### [Data provided]
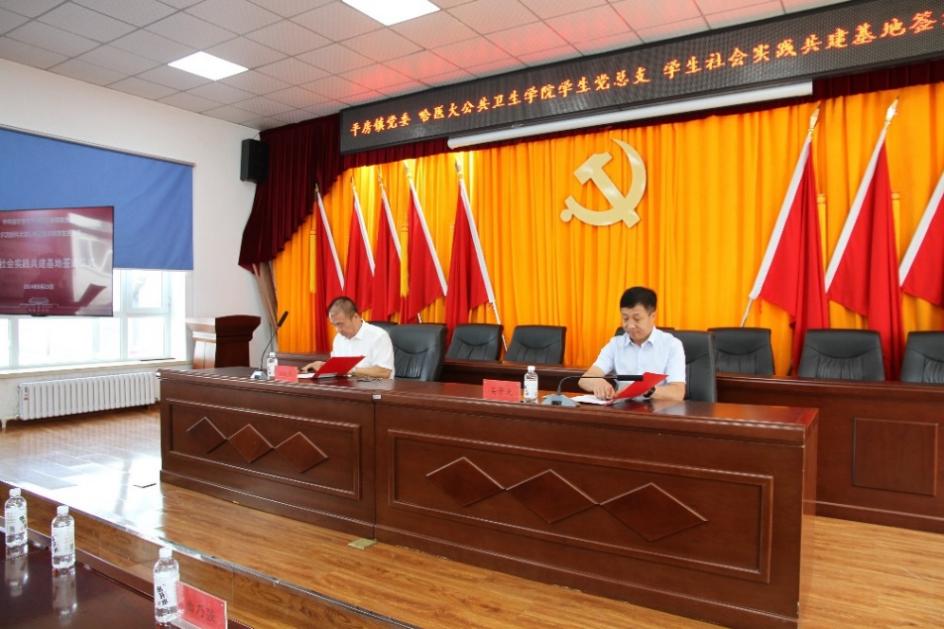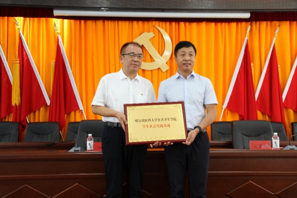 为深入贯彻落实习近平总书记关于青年工作的重要思想,倡导医学院校学生投身乡村振兴发展、健康中国战略,并构建共青团实践育人新模式,8月23日,在学院党委的支持指导下,ac米兰官网中文网站公共卫生学院16名学子组成的社会实践团队,共赴哈尔滨市平房区平房镇开展以健康科普宣讲、乡村基层调研、民情体察和高新技术企业参观学习等形式的暑期“三下乡”社会实践活动,同时举行哈尔滨平房区平房镇党委和ac米兰官网中文网站公共卫生学院学生社会实践共建基地签约仪式,参加仪式的主要领导有公共卫生学院党委书记刘振华、平房区平房镇党委书记吴景光、公卫学院党委副书记曲乃强、平房区委宣传部副部长徐晓龙、公共卫生学院学生党总支副处级辅导员王国华。此次签约不仅为公共卫生学院的学生们提供了一个宝贵的实践调研平台,也进一步加强了医学院校与地方政府之间的联系与合作,为培养公共卫生应用型人才和提升公共卫生服务质量打下坚实基础。
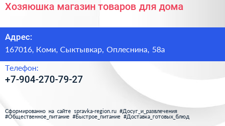 Хозяюшка, магазин товаров для дома по адресу 167016, Коми, Сыктывкар, Оплеснина, 58а в дальнейшем Организация, размещена в следующих категориях:
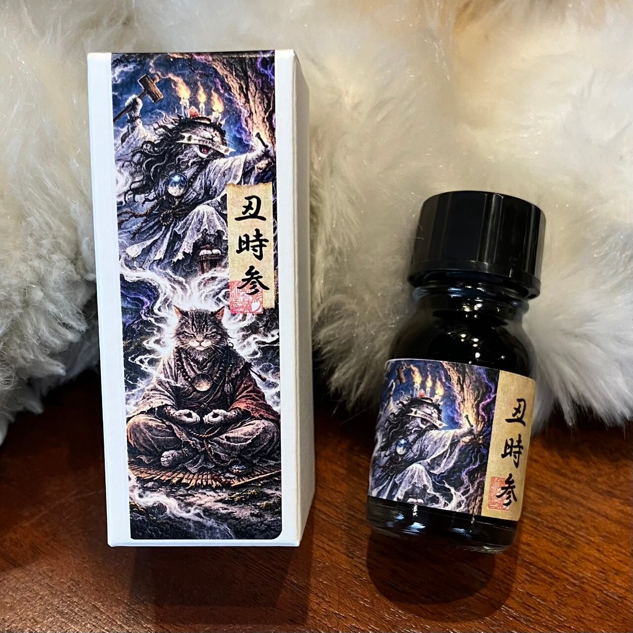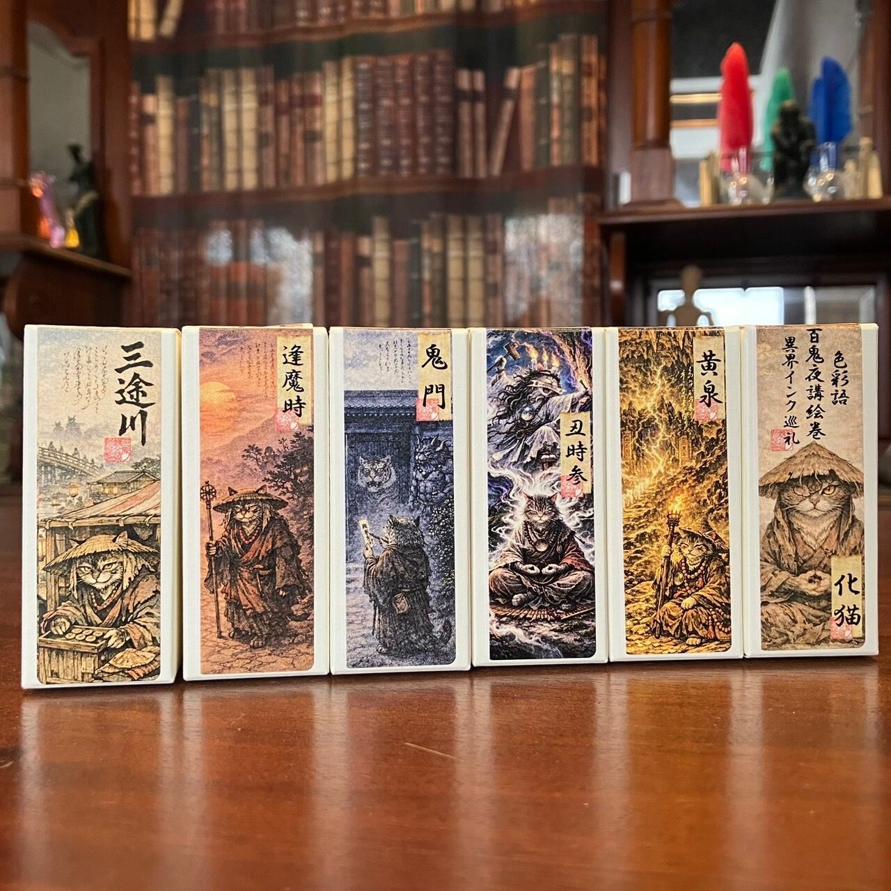 (「三途川」は水性染料インク、「逢魔時」「丑時参」「黄泉」「鬼門」「化猫」は古典インクです。)
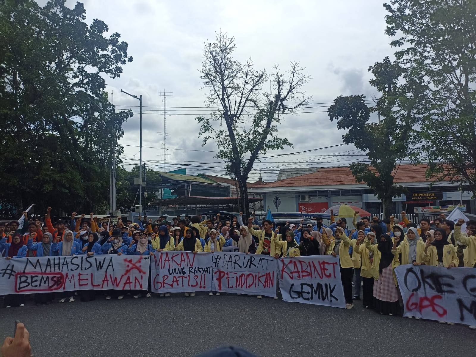 Beberapa spanduk bertuliskan “Makan Uang Rakyat Gratis”, “Oke Gas Oke Gas, Mana Gas?” dibentangkan saat menuju halaman kantor DPRD Sumbar.

### [Aim of the exercise]
Return the complete material above exactly, with no picture.

### [Task response]
 为深入贯彻落实习近平总书记关于青年工作的重要思想,倡导医学院校学生投身乡村振兴发展、健康中国战略,并构建共青团实践育人新模式,8月23日,在学院党委的支持指导下,ac米兰官网中文网站公共卫生学院16名学子组成的社会实践团队,共赴哈尔滨市平房区平房镇开展以健康科普宣讲、乡村基层调研、民情体察和高新技术企业参观学习等形式的暑期“三下乡”社会实践活动,同时举行哈尔滨平房区平房镇党委和ac米兰官网中文网站公共卫生学院学生社会实践共建基地签约仪式,参加仪式的主要领导有公共卫生学院党委书记刘振华、平房区平房镇党委书记吴景光、公卫学院党委副书记曲乃强、平房区委宣传部副部长徐晓龙、公共卫生学院学生党总支副处级辅导员王国华。此次签约不仅为公共卫生学院的学生们提供了一个宝贵的实践调研平台,也进一步加强了医学院校与地方政府之间的联系与合作,为培养公共卫生应用型人才和提升公共卫生服务质量打下坚实基础。
 Хозяюшка, магазин товаров для дома по адресу 167016, Коми, Сыктывкар, Оплеснина, 58а в дальнейшем Организация, размещена в следующих категориях:
 (「三途川」は水性染料インク、「逢魔時」「丑時参」「黄泉」「鬼門」「化猫」は古典インクです。)
 Beberapa spanduk bertuliskan “Makan Uang Rakyat Gratis”, “Oke Gas Oke Gas, Mana Gas?” dibentangkan saat menuju halaman kantor DPRD Sumbar.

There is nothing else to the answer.